RECORDED DATA =>
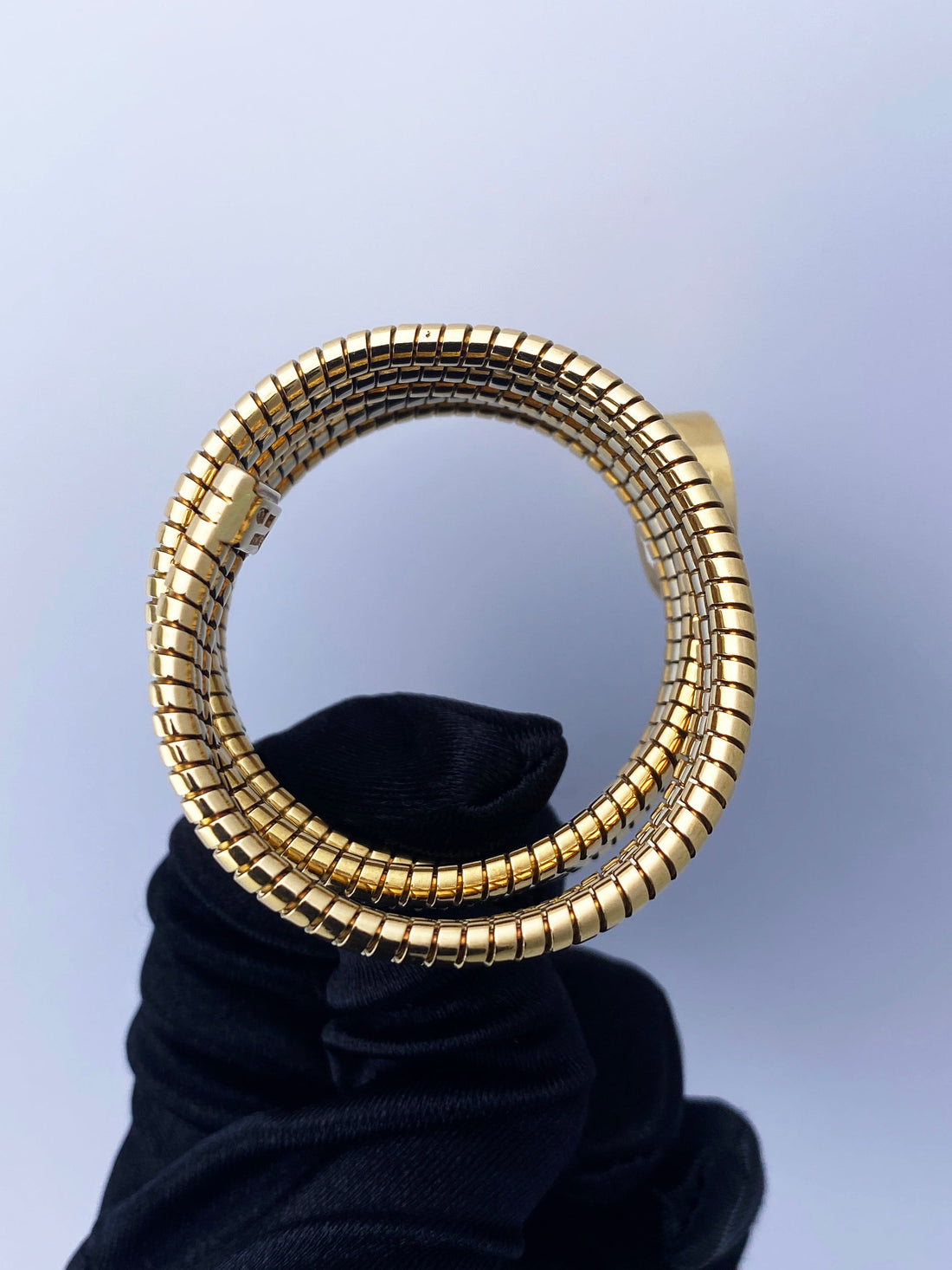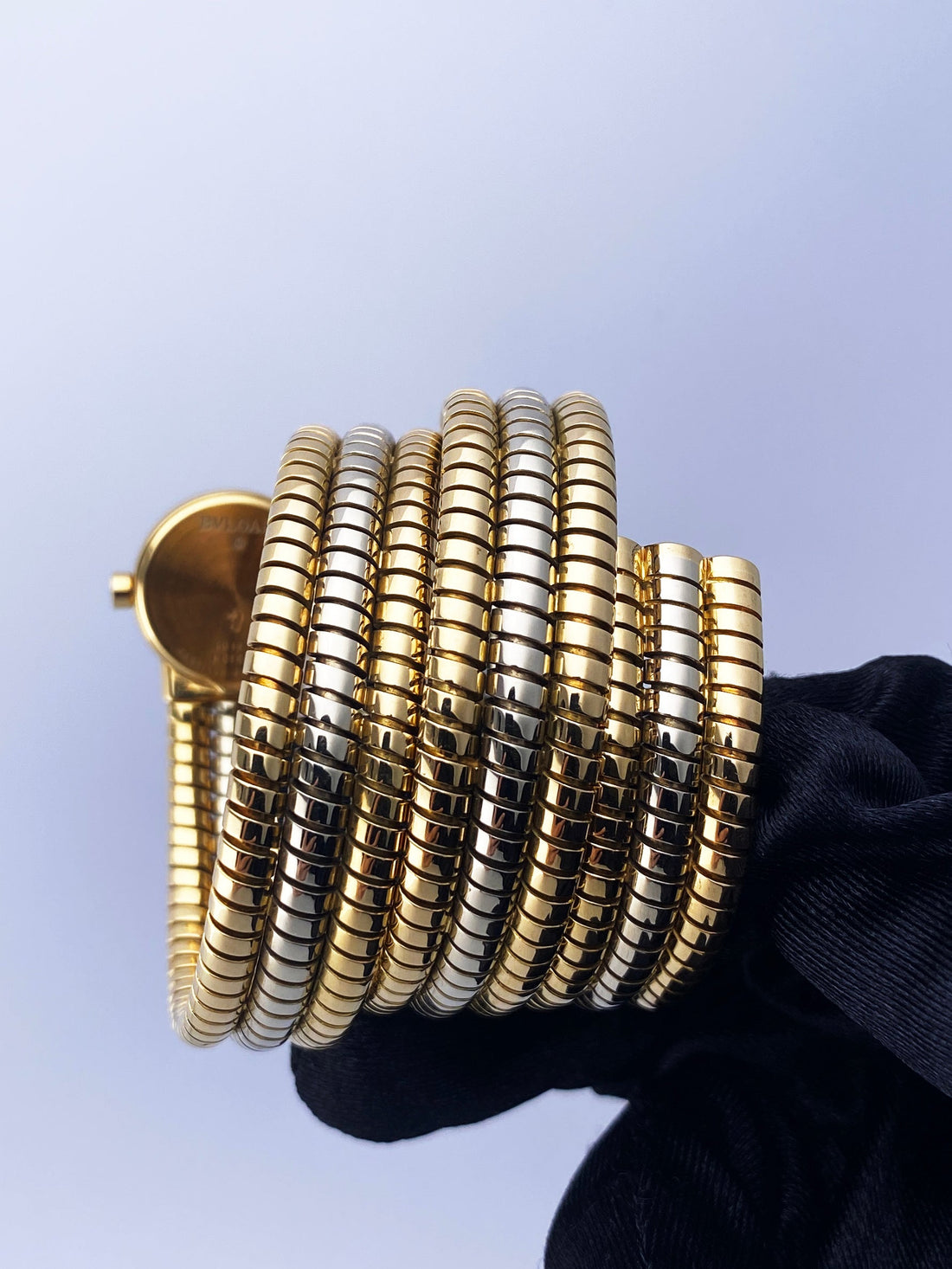 Bvlgari Serpenti Tubogas BB 19 1T Ladies Watch. 19mm 18K yellow gold case. Black dial with gold hands and Arabic numeral & index hour marker. 18K yellow gold, white gold, and rose gold serpent snake bracelet. Will fit up to between 6 to 7 inches, this design is flexible so will fit most wrists. Sapphire crystal. 18K yellow gold case back. Quartz: battery powered movement.
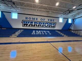 The gym looks fantastic. The new floor is polished and painted with the school’s logo and branding. The walls are complete with murals, lights are on, and the bleachers are fully installed.
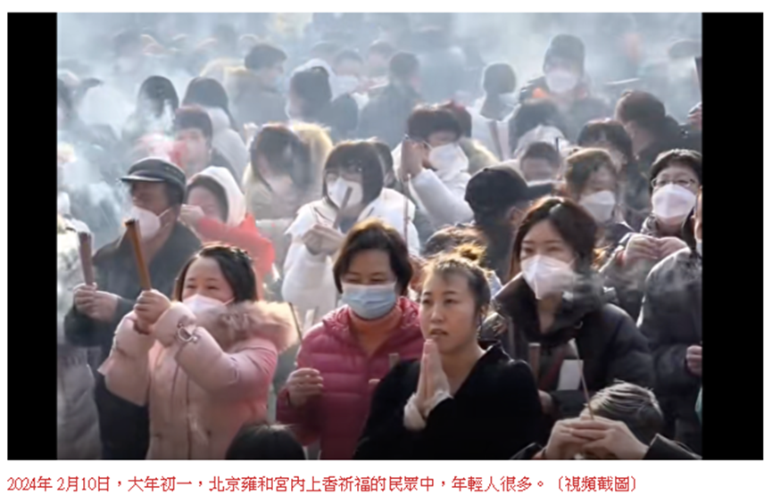 与此同时,一种古老的文化传统正在年轻人之间流行,包括命理学、风水学、占卜学等等,大陆大批的年轻人也开始热衷去寺庙拜佛上香。
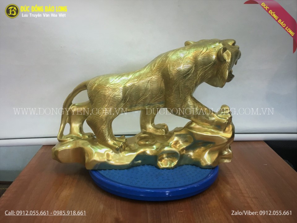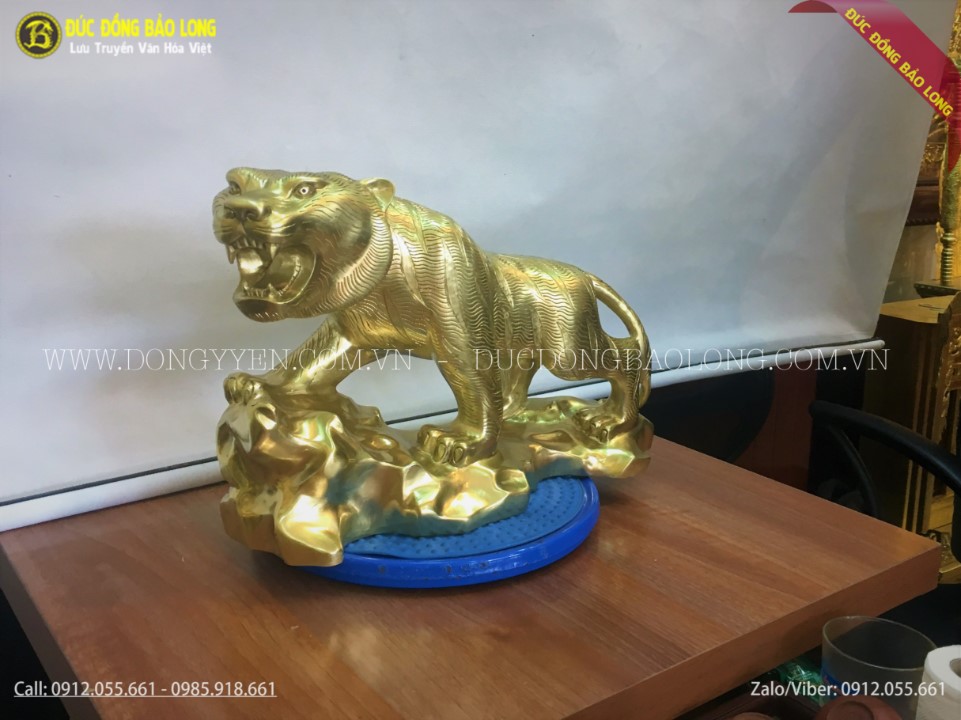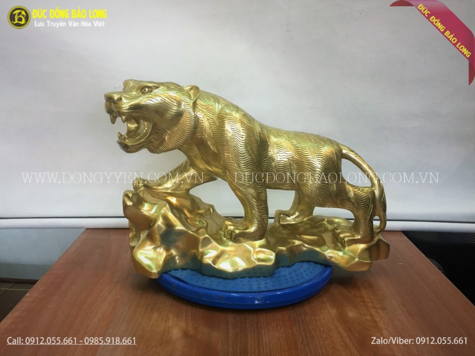 Tượng Hổ Bằng Đồng Catut Cao 40cm nằm trong bộ linh vật phong thủy bằng đồng được cơ sở Bảo Long hoàn thiện và đưa ra thị trường hoàn toàn theo mẫu mới, đẹp, sắc nét hơn rất nhiều. Hổ là hình ảnh biểu trưng cho sức mạnh và uy quyền được dân gian tôn kính với những giai thoại đặc biệt. Người tuổi Dần thường đặc trưng với tính cách điềm đạm, nhẫn nại, có khả năng phản ứng nhanh trong nhiều trường hợp khác nhau, vì thế thích hợp để làm lãnh đạo hoặc người dẫn đầu. Linh Vật cho người tuổi Dần có hình dáng Chúa Sơn Lâm thị uy trên núi, thể hiện khí phách thủ lĩnh, dũng mãnh vô song, muôn loài quy thuận, có tác dụng giữ an bản mệnh, phát triển công danh, kích thâu tài lộc. Ngày nay, tượng hổ được ưa chuộng khá nhiều vì những lợi ích phong thủy đặc biệt của nó.

YOUR OBJECTIVE => Restate word for word each line from the one containing "与此同时,一种古老的文化传统" through the end of the material, pictures excluded.

TASK OUTPUT =>
 与此同时,一种古老的文化传统正在年轻人之间流行,包括命理学、风水学、占卜学等等,大陆大批的年轻人也开始热衷去寺庙拜佛上香。
 Tượng Hổ Bằng Đồng Catut Cao 40cm nằm trong bộ linh vật phong thủy bằng đồng được cơ sở Bảo Long hoàn thiện và đưa ra thị trường hoàn toàn theo mẫu mới, đẹp, sắc nét hơn rất nhiều. Hổ là hình ảnh biểu trưng cho sức mạnh và uy quyền được dân gian tôn kính với những giai thoại đặc biệt. Người tuổi Dần thường đặc trưng với tính cách điềm đạm, nhẫn nại, có khả năng phản ứng nhanh trong nhiều trường hợp khác nhau, vì thế thích hợp để làm lãnh đạo hoặc người dẫn đầu. Linh Vật cho người tuổi Dần có hình dáng Chúa Sơn Lâm thị uy trên núi, thể hiện khí phách thủ lĩnh, dũng mãnh vô song, muôn loài quy thuận, có tác dụng giữ an bản mệnh, phát triển công danh, kích thâu tài lộc. Ngày nay, tượng hổ được ưa chuộng khá nhiều vì những lợi ích phong thủy đặc biệt của nó.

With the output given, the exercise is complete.